A use-case for this might involve the C preprocessor, or constexpr variables and branching on those variables, which leads to nonsense in some paths that are never reached for those choices of constants.

Paths of execution that cause compile-time-visible UB can be assumed to be never take, e.g. a compiler for x86 could emit a ud2 (cause illegal instruction exception) as the definition for cause_UB(). Or within a function, if one side of an if() leads to provable UB, the branch can be removed.

But the compiler still has to compile everything else in a sane and correct way. All paths that don't encounter (or can't be proved to encounter) UB must still be compiled to asm that executes as-if the C++ abstract machine was running it.

You could argue that unconditional compile-time-visible UB in main is an exception to this rule. Or otherwise compile-time-provable that execution starting at main does in fact reach guaranteed UB.

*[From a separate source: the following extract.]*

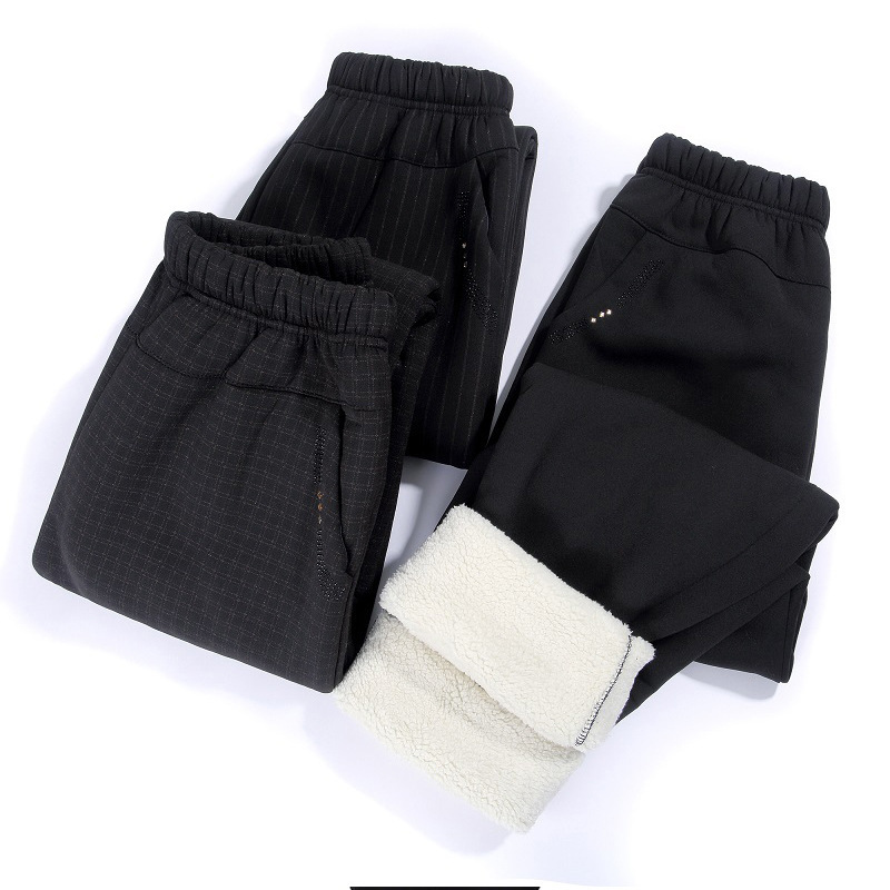 中高年の子羊の毛のズボンの大きいサイズのズボンのカジュアルなおばあさんのゴムは腰の高いお母さんのまっすぐな筒の厚い冬のズボンを持ちます。
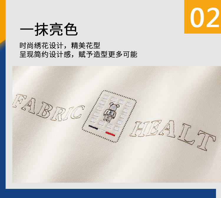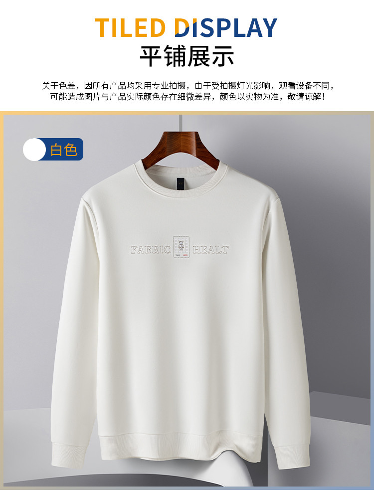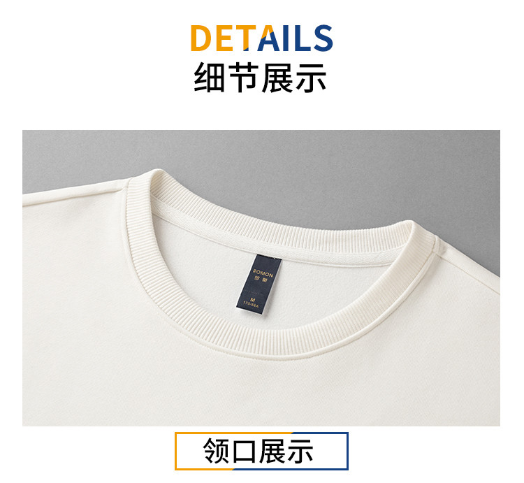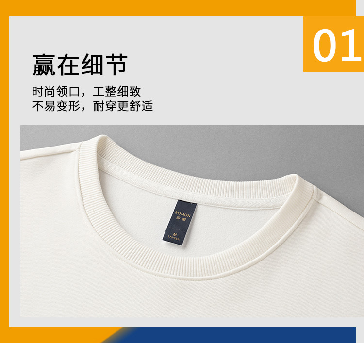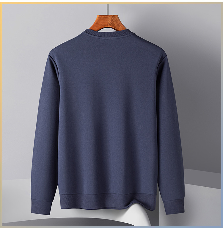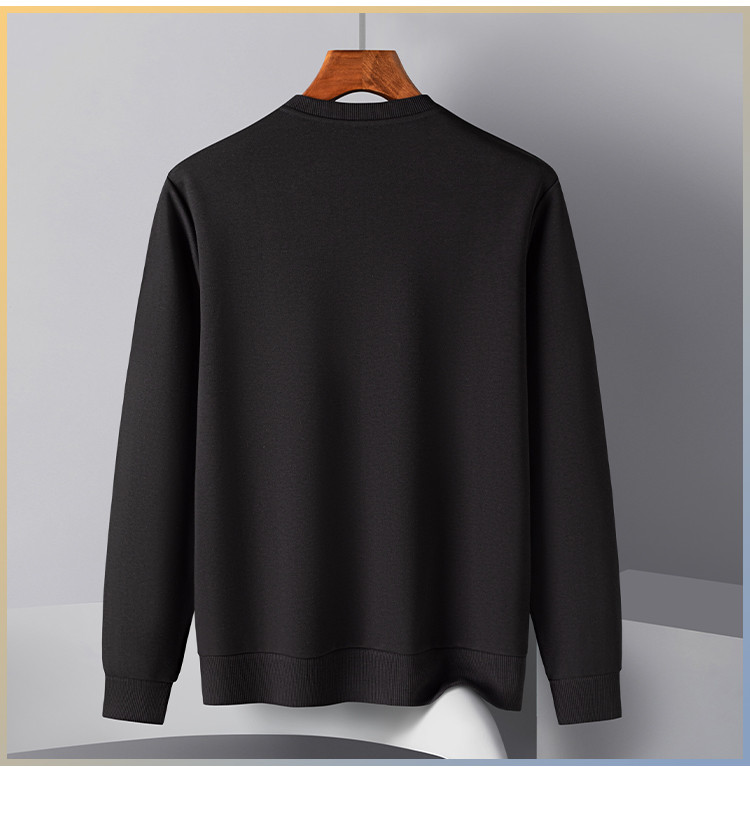 【桑蚕丝混纺】罗蒙春秋男装胸花字终绣花卫衣男士舒适休闲百搭圆领长袖T恤上衣男

I'd still argue that legal compiler behaviours include producing a grenade that explodes if run. Or more plausibly, a definition of main that consists of a single illegal instruction. I'd argue that if you never run the program, there hasn't been any UB yet. The compiler itself isn't allowed to explode, IMO.

Functions containing possible or provable UB inside branches

UB along any given path of execution reaches backwards in time to "contaminate" all previous code. But in practice compilers can only take advantage of that rule when they can actually prove that paths of execution lead to compile-time-visible UB. e.g.

int minefield(int x) {
    if (x == 3) {
        *(char*)nullptr = x/0;

    return x * 5;

The compiler has to make asm that works for all x other than 3, up to the points where x * 5 causes signed-overflow UB at INT_MIN and INT_MAX. If this function is never called with x==3, the program of course contains no UB and must work as written.

We might as well have written if(x == 3) __builtin_unreachable(); in GNU C to tell the compiler that x is definitely not 3.

In practice there's "minefield" code all over the place in normal programs. e.g. any division by an integer promises the compiler that it's non-zero. Any pointer deref promises the compiler that it's non-NULL.